━━━━━ Data supplied

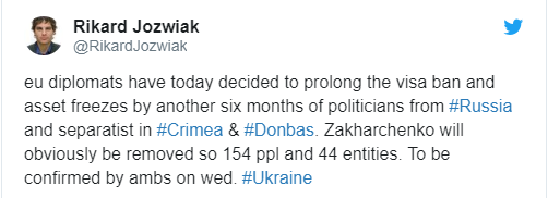 «Сьогодні дипломати ЄС вирішили продовжити термін дії візового заборони і заморозити активи ще на шість місяців проти політиків з Росії і сепаратистів у Криму та на Донбасі», – написав Йозвяк.
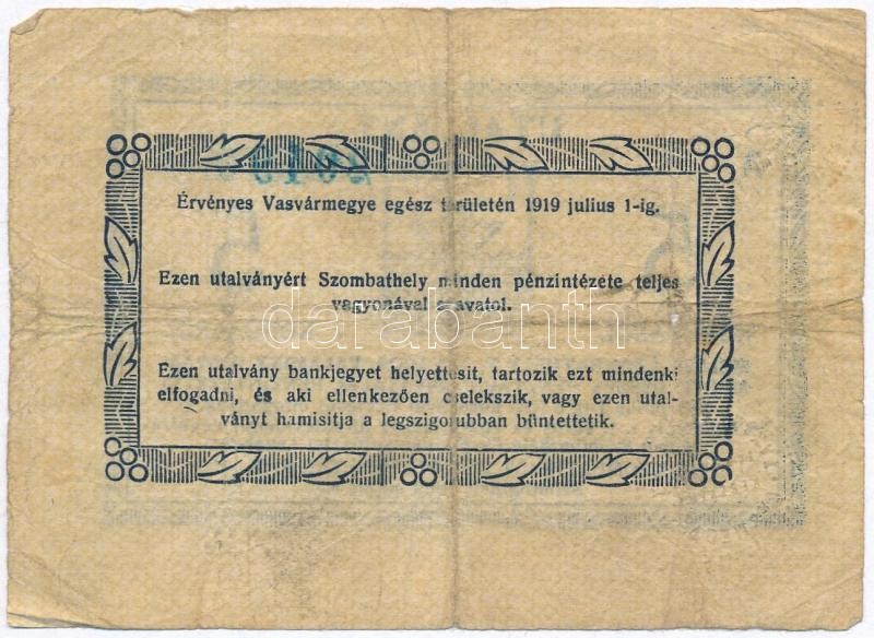 Szombathely 1919. 5K "Szombathelyi Takarékpénztár R.T." utalvány T:III-
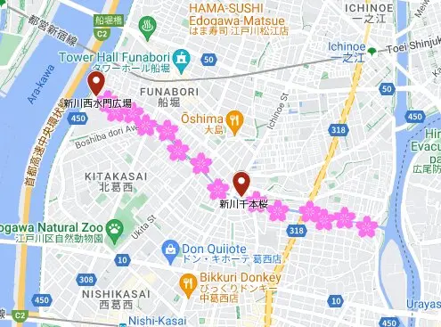 Le long de la rivière Shinkawa, on a aménagé une promenade dite des 1 000 cerisiers de Shinkawa (新川千本桜 Shinkawa Senbonzakura)…
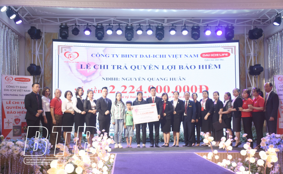 Tại buổi lễ, lãnh đạo Dai-ichi Life Việt Nam đã trao số tiền hơn 2,2 tỷ đồng cho thân nhân gia đình; đồng thời bày tỏ sự chia buồn sâu sắc với gia đình khách hàng. Dai-ichi Life Việt Nam hy vọng giá trị quyền lợi bảo hiểm nhận được hôm nay sẽ phần nào hỗ trợ gia đình khách hàng vượt qua khó khăn, sớm ổn định cuộc sống.
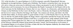 >Besides, I told you before, that those which were then likeliest to have their counsel asked in this business, were averse to absolute monarchy, as also to absolute democracy or aristocracy; all which governments they esteemed tyranny, and were in love with monarchy which they used to praise by the name of mixed monarchy, though it were indeed nothing else but pure anarchy.
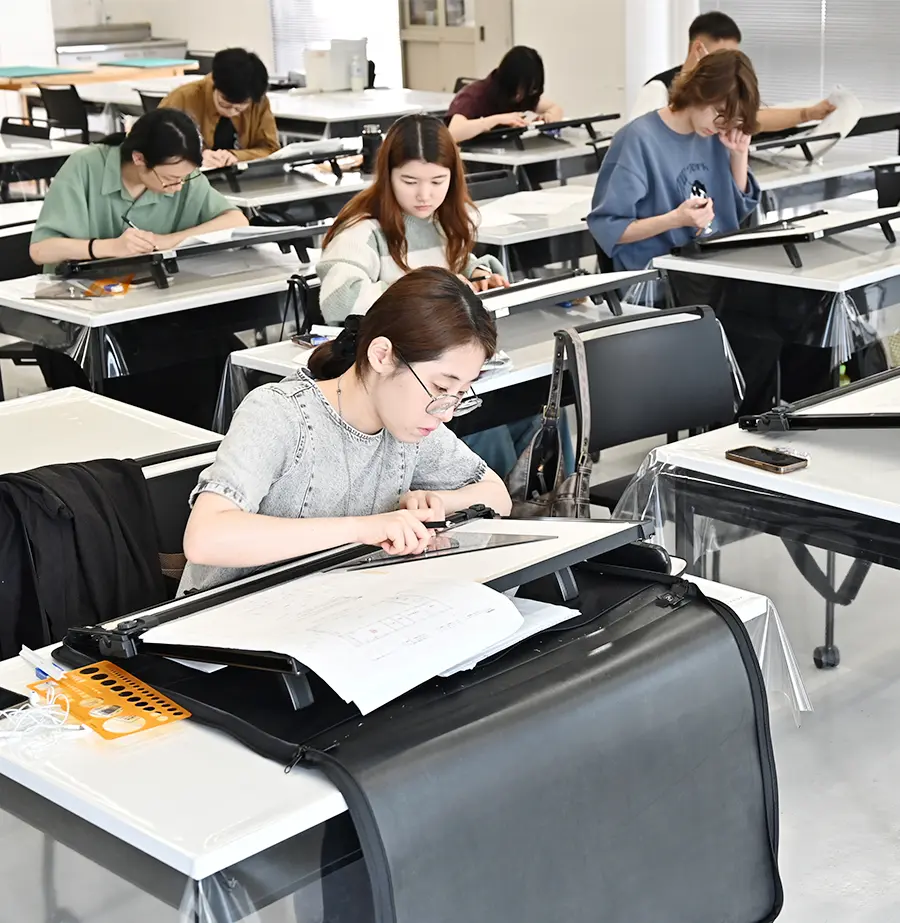 「建築クリエイター科ってどんな学科?」「校舎や教室、先生はどんな人?」「就職についても知りたい」など、学科の説明や専門技術の学びかた、授業や学校生活、卒業後の進路などについて、わかりやすく説明します。
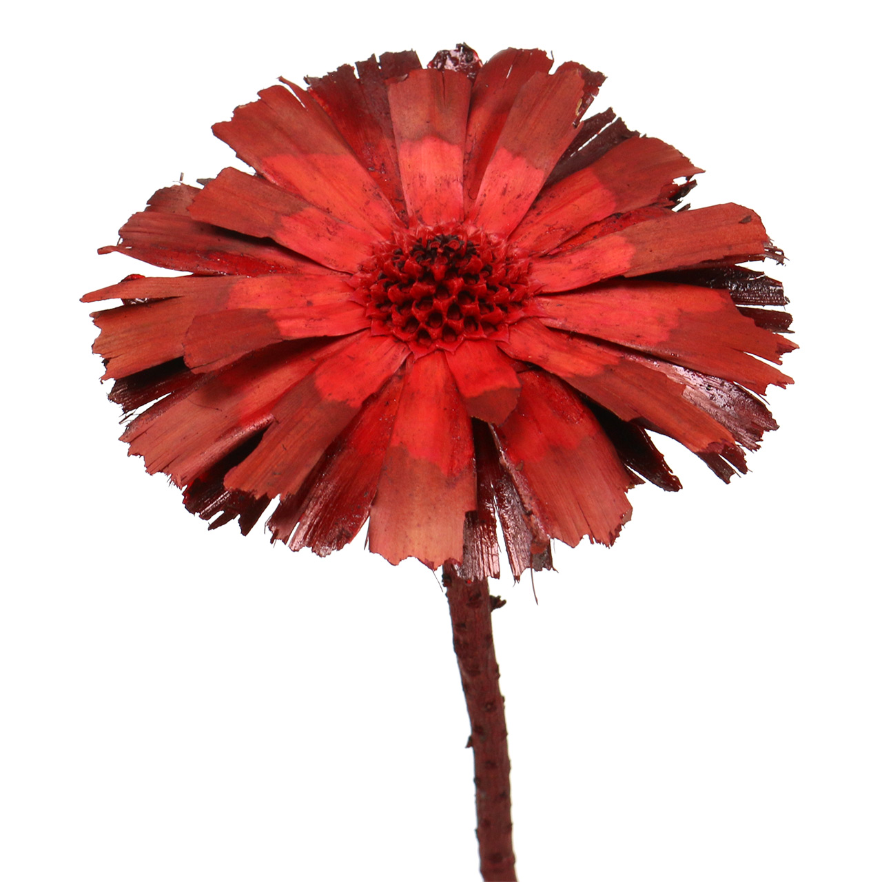 Dessa fascinerande vackra, oförglömliga blommhuvuden är sockerbusken. Dessa buskar kallas också silverträd, caproses eller fjäderbuskar och är symbolerna i Sydafrika. Här får du rosetten från en Protea Repens, som det botaniska namnet är, i torkad form och en mild röd färg.

━━━━━━━━━━

**Exercise aim**
Exclude images. Return the data above verbatim.

**Exercise answer**
 «Сьогодні дипломати ЄС вирішили продовжити термін дії візового заборони і заморозити активи ще на шість місяців проти політиків з Росії і сепаратистів у Криму та на Донбасі», – написав Йозвяк.
 Szombathely 1919. 5K "Szombathelyi Takarékpénztár R.T." utalvány T:III-
 Le long de la rivière Shinkawa, on a aménagé une promenade dite des 1 000 cerisiers de Shinkawa (新川千本桜 Shinkawa Senbonzakura)…
 Tại buổi lễ, lãnh đạo Dai-ichi Life Việt Nam đã trao số tiền hơn 2,2 tỷ đồng cho thân nhân gia đình; đồng thời bày tỏ sự chia buồn sâu sắc với gia đình khách hàng. Dai-ichi Life Việt Nam hy vọng giá trị quyền lợi bảo hiểm nhận được hôm nay sẽ phần nào hỗ trợ gia đình khách hàng vượt qua khó khăn, sớm ổn định cuộc sống.
 >Besides, I told you before, that those which were then likeliest to have their counsel asked in this business, were averse to absolute monarchy, as also to absolute democracy or aristocracy; all which governments they esteemed tyranny, and were in love with monarchy which they used to praise by the name of mixed monarchy, though it were indeed nothing else but pure anarchy.
 「建築クリエイター科ってどんな学科?」「校舎や教室、先生はどんな人?」「就職についても知りたい」など、学科の説明や専門技術の学びかた、授業や学校生活、卒業後の進路などについて、わかりやすく説明します。
 Dessa fascinerande vackra, oförglömliga blommhuvuden är sockerbusken. Dessa buskar kallas också silverträd, caproses eller fjäderbuskar och är symbolerna i Sydafrika. Här får du rosetten från en Protea Repens, som det botaniska namnet är, i torkad form och en mild röd färg.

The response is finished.